Она долго смотрела ему вслед. Она догадалась: он тот самый юноша, и он только что убил дракона. И ее печали как не бывало. Она больше не была блуждающей, потерянной в этой ночи. Она принадлежала ему, этому чужому, содрогающемуся от недавней схватки герою, она стала его сокровищем, как если бы она стала сестрой его меча.
И она поспешила домой, чтобы дожидаться его там. Незамеченная, она прошла в свои покои и, как только настало время, разбудила камеристок и велела им принести самые красивые платья. В то время, как ее наряжали, город проснулся для всеобщей радости. Люди ликовали, и на башнях били колокола. И принцесса, слыша эти шумы и крики, вдруг поняла, что он не придет. Она попыталась себе представить его, окруженного взволнованной и благодарной толпой, и не могла. Почти в страхе она пыталась удержать в памяти образ одинокого героя, содрогающегося и опаленного, каким она его видела. Как если бы это стало важно для всей ее жизни – ничего не забыть. И при этом она чувствовала себя так празднично, что не останавливала камеристок, наряжавших ее, хотя и знала, что никто не придет. Она велела вплести смарагды и жемчуга себе в волосы, потому что, к великому удивлению служанок, все еще ощущала на себе капельки дождя. Наконец принцессу нарядили.
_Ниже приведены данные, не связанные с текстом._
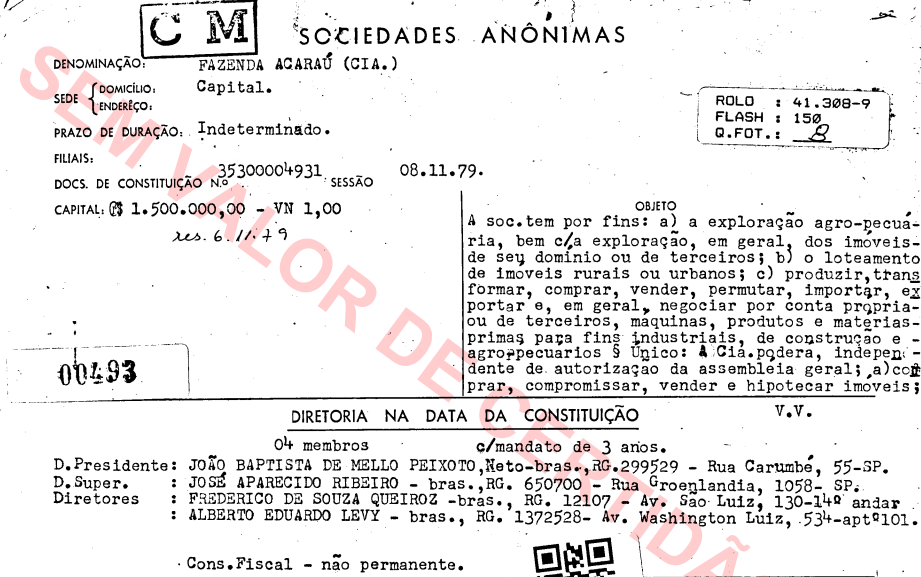 Registro na Junta Comercial do Estado de São Paulo da Companhia Fazenda Acaraú (1979)

Она улыбнулась камеристкам и пошла, немного бледная, мимо зеркал, в шорохе своего далеко растянувшегося белого шлейфа.
А седовласый король сидел, серьезный и величественный, в высоком тронном зале. Старые паладины во всем блеске стояли вокруг него. Король ждал героя-чужеземца, избавителя.
Но он уже был далеко от города, и небо, полное жаворонков, простиралось над ним. И если бы ему кто-нибудь напомнил о награде за подвиг, может быть, он, улыбнувшись, вернулся бы; он о ней совсем забыл.
Песнь о любви и смерти корнета Кристофа Рильке
Скакать, скакать, скакать, сквозь день, сквозь ночь, сквозь день.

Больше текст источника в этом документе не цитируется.